** Opening EXERCISE DATA block **
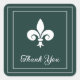 Elegant and simple Wedding thank you sticker featuring a fleur de lis against an emerald green background. This design is a unique choice for a modern wedding. Easy to customize with your wedding details. Click "Customize It" to find more personalization options.
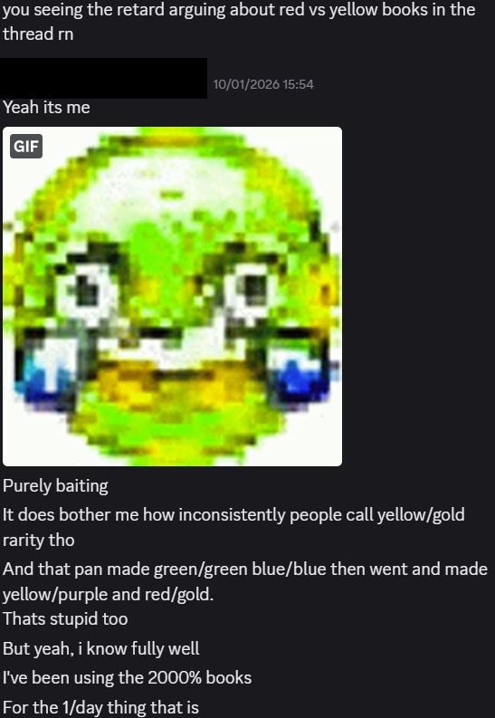 Fucking hell niggers.I posted the first bait about yellow/red manuals.Yes, it was bait. I tried to push it like it wasn't but of course i knew which one people meant and i didn't actually waste any manuals.I didn't try using the same bait, this wasn't discussed again and i was even a bit letdown that the bait didn't go further than 1-2 jokes in the start of the next thread.I don't know and i HOPE these(this?) niggas are baiting because despite being a silly idea to mismatch the colors, it's fairly obvious that people reference 2000% manuals when they say that's the one you're supposed to use. So if you actually mistook them, you're retarded; and this is coming from the original idiot who tried to bait with this.Having that said, imagine falling for the same bait twice and posting such annoyed assmad replies.You're just as bad as the new baiters.>>558145272>the dogshit red manual bait gets rerunAt least this guy was aware i guessNow can you fags stop bringing up AND replying to old failed bait?
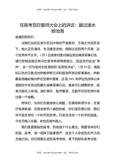 在高考百日誓师大会上的讲话:踏过滏水即沧海.docx
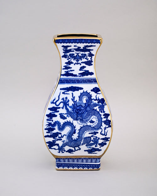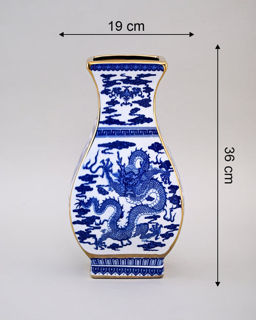 This striking vase features a bold depiction of a dragon amidst swirling clouds, symbolizing strength, protection, and prosperity. Painted in cobalt blue on a white porcelain base, the design is further elevated with golden edging that adds a regal touch.
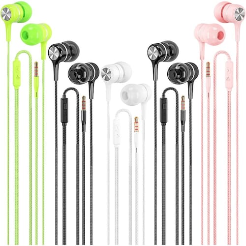 Durante a chamada -Pressione uma vez para atender a chamada e pressione novamente para encerrar a chamada -Pressione duas vezes seguidas para rejeitar a chamada Ao ouvir música -Pressione reproduzir/pausar com 1 clique -Pressione o botão de 2 cliques para a próxima música -Pressione 3 cliques para mudar para a música anterior Você receberá -5* fones de ouvido preto*2 + branco+rosa+verde -2* pontas de ouvido de silicone (M/L) -1* fones de ouvido manuais Tangle Free Design Os fones de ouvido com fio de microfone, não só leves, mas também o cabo dos fones de ouvido tem um design sem emaranhados, não são fáceis de emaranhar, você pode colocá-los facilmente no bolso e na mochila. fones de ouvido com conector de 3,5 mm, que é basicamente adequado para todos os dispositivos que suportam interfaces de 3,5 mm. Função de microfone, você também pode cortar músicas e atender chamadas através dos botões. Eles têm uma função de microfone. Você também pode cortar músicas e atender chamadas através dos botões. Use-os para se conectar ao seu cer de forma muito conveniente.
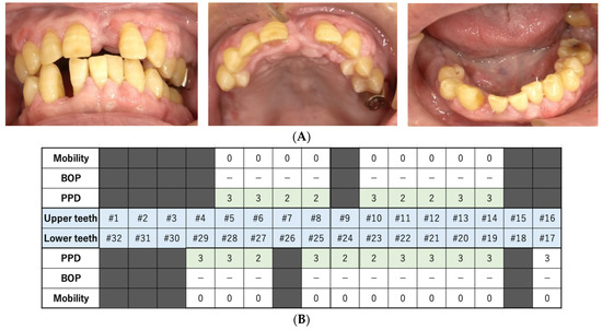 The findings at 77 days after the first visit. (A) These intraoral photos indicate good periodontal condition. (B) Periodontal assessment, including that of tooth mobility (Mobility), bleeding of probing (BOP), and probing pocket depth (PPD) (maximum value on each tooth). Black color boxes indicate missing teeth. A green color box indicates acceptable PPD (not exceeding 3 mm). BOP (−) indicates no bleeding. (C) Panoramic revealed that the alveolar bone resorption had not progressed.
** Closing EXERCISE DATA block **
▶ [WHAT YOU WILL DO]
Return, unchanged, the lines from the first line of the material through the line that holds "在高考百日誓师大会上的讲话:踏过滏水即沧海.docx", inclusive, omitting pictures.

▶ [WORKED SOLUTION]
 Elegant and simple Wedding thank you sticker featuring a fleur de lis against an emerald green background. This design is a unique choice for a modern wedding. Easy to customize with your wedding details. Click "Customize It" to find more personalization options.
 Fucking hell niggers.I posted the first bait about yellow/red manuals.Yes, it was bait. I tried to push it like it wasn't but of course i knew which one people meant and i didn't actually waste any manuals.I didn't try using the same bait, this wasn't discussed again and i was even a bit letdown that the bait didn't go further than 1-2 jokes in the start of the next thread.I don't know and i HOPE these(this?) niggas are baiting because despite being a silly idea to mismatch the colors, it's fairly obvious that people reference 2000% manuals when they say that's the one you're supposed to use. So if you actually mistook them, you're retarded; and this is coming from the original idiot who tried to bait with this.Having that said, imagine falling for the same bait twice and posting such annoyed assmad replies.You're just as bad as the new baiters.>>558145272>the dogshit red manual bait gets rerunAt least this guy was aware i guessNow can you fags stop bringing up AND replying to old failed bait?
 在高考百日誓师大会上的讲话:踏过滏水即沧海.docx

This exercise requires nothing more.